On innovative solutions for biodiversity, on Saturday they debated a reference to “mainstreaming biodiversity” in relation to the post-2020 global biodiversity framework, with some countries stressing that the current failure to achieve the Aichi Biodiversity Targets stemmed from a failure to recognize the relevance of biodiversity to many sectors, for example, food security.

They also debated a call for strengthening and developing national and regional biodiversity data centers of excellence, including sharing of global datasets for biodiversity management and monitoring of soil and land degradation. A developing country stressed that access and utilization of biodiversity data should be in accordance with the Nagoya Protocol on Access and Benefit-Sharing.

Delegates considered the scope of the terms “wildlife-compatible economies” and “sustainable wildlife-based economies,” including whether or not to provide examples, such as ecotourism, and whether the latter term includes hunting. The group deferred some issues to informal discussions.

On deforestation in agricultural supply chains, on Sunday delegates considered but did not agree on the alternative title, “Preventing deforestation through SCP.” A developing country called for adding the qualifier “illegal” to “deforestation” in various points in the text, and another noted that agriculture is not the only driver of deforestation.

A developing country proposed text referring to the need to end hunger and achieve food security through the widespread promotion of sustainable agriculture, and the need for increased investment through international cooperation.

Delegates also debated how much detail should be included in the text with regard to references to specific Sustainable Development Goals (SDGs) and targets, and various multilateral programmes, plans or initiatives.

Other sticking points included whether to mention, inter alia:

  • the principle of common but differentiated responsibilities;
  • action by companies to eliminate deforestation from products and operations across their supply chains;
  • agricultural commodities such as palm oil, soy, paper and beef;
  • harmful impacts of agricultural subsidies on the environment; and
  • evaluating financial mechanisms to compensate producers holding native vegetation in order to stimulate preservation in farms.
  • On sustainable blue economy, various texts were discussed informally.

Cluster 4: Environmental governance: The working group forwarded three resolutions with no remaining issues to UNEA-4 on the Montevideo V programme, mineral resource governance, and the poverty-environment nexus. They forwarded two draft resolutions with remaining issues, on gender, and the governance of geoengineering, with the latter remaining heavily bracketed.

On Montevideo V, the delegates agreed on the resolution on Friday with no further comments.

On mineral resources, the group addressed remaining points of contention on Friday, including:

  • whether a quote from the ‘Global Resource Outlook 2019: Natural Resources for the Future We Want” report, which refers to the impact of resource extraction and processing on biodiversity and climate change, among other issues, should be included;
  • whether the resolution should “take into account” or “take note” of two UNEP reports on mine tailings storage, and the environmental challenges associated with the sand industry;
  • possible establishment of an expert group and what it would be tasked to do;
  • whether it would be premature to recommend various forms of collaboration with the working group to be established by the draft resolution on SCP; and
  • a paragraph detailing the pathways to promote “sustainable mining and sourcing of raw materials.”
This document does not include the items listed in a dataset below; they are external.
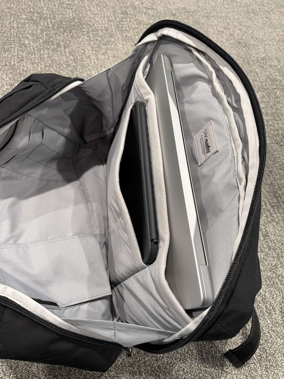 ApplePayExcellent condition only used a few times. Can fit 16 inch MacBook pro and iPad 11 Pro with keyboard in each pocket. Including 2 Pacsafe 1000 locks - 1 to secure bag and 1 to secure the compartments. https://pacsafe.com/collections/backpacks/products/metrosafe-x-anti-theft-16-inch-commuter-backpack
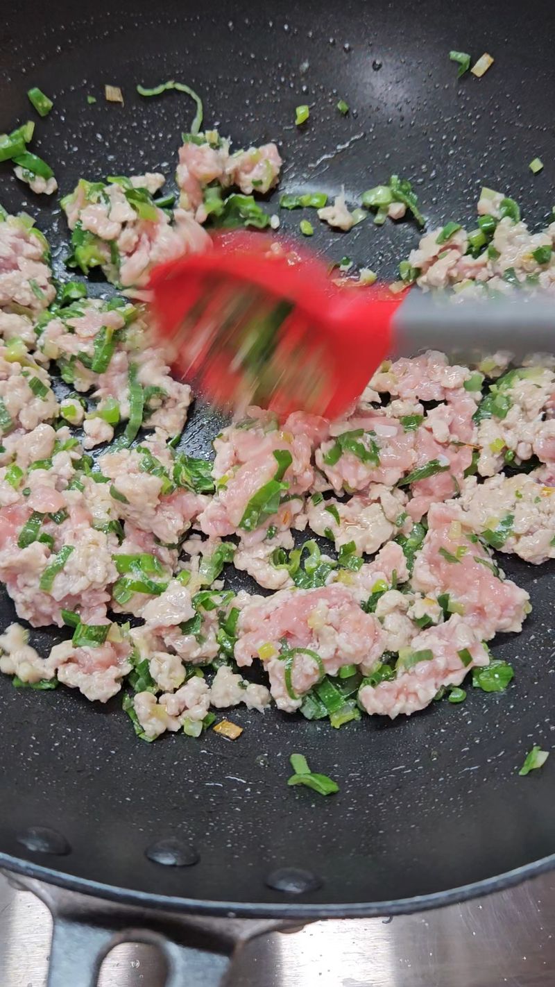 2. 맛술 2숟푼 넣고 갈아둔 돼지고기를 넣어 볶아준다
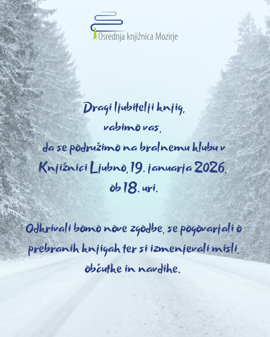 📚Vabimo vas, da se nam pridružite na Bralnem klubu Ljubno, v ponedeljek, 19. januarja 2026, ob 18. uri v prostorih Knjižnice Ljubno. 📚

After informal meetings, the resolution was agreed on Saturday morning to be forwarded to UNEA-4.

On the poverty-environment nexus, delegates discussed remaining disagreements on Friday, such as whether a paragraph on “pro-poor” environmental sustainability should be qualified with “as appropriate,” and two new paragraphs proposed by a regional grouping on UNEP’s role in addressing the nexus. Contentious points included:

  • what goals are pursued by developing “sustainable financing mechanisms”;
  • a new paragraph, proposed by a developed country, inviting Member States to include consideration as a key component of the post-2020 global biodiversity framework;
  • whether it was appropriate to mention the concept of common but differentiated responsibilities, and to refer to climate change in several paragraphs; and
  • the correct wording for a subtitle on “Environmentally-Induced Migration and Displacement.”

On Saturday and Sunday, the group moved closer to finding agreement by: removing some of the language referring to climate change and a reference to the governance of extractive industries, objected to by a developing country; and adding “voluntary” to the transfer of environmentally sound technologies. On Sunday, delegates discussed means of implementation, referring to SDG 17, ultimately agreeing to delete this reference on the insistence of a developed country. They also agreed to withdraw a new reference to natural capital accounting systems. The group agreed to forward the text to UNEA-4, with no remaining brackets.
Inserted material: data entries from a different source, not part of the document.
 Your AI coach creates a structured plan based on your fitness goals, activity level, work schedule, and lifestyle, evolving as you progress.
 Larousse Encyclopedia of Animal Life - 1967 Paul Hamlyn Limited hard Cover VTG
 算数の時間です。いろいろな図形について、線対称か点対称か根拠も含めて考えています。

On geoengineering, the resolution remained problematic. On Friday, an update was provided on the work done in informal meetings, and the group considered new text introduced by the proponent, Switzerland, in which the draft resolution called for a “report” rather than an “assessment.” Delegates were invited to send further comments, and discussed the text briefly on Sunday. The two delegations still reserving the entire resolution recommended it should not be forwarded to UNEA-4, saying that no compromise would be found. In response, the proponents stated that the resolution had many co-sponsors, and the text was forwarded to UNEA-4.

On gender, a developing country reserved the entire draft resolution on Friday, claiming it had been “hijacked” by a group of countries pushing for the human rights agenda at UNEP. A regional group later endorsed this reservation, preferring to halt further negotiations on this draft. Several countries expressed their disappointment, given previous compromises, such as the removal of several mentions of “human rights defenders.” At the request of the proponents, negotiations did continue. Several contentious issues remained, including whether Member States should “protect,” “consider” or “fulfill” their human rights obligations. On Sunday, several countries commended the proponents on all the progress achieved, and said they hoped to see compromise on remaining sensitive issues in coming days.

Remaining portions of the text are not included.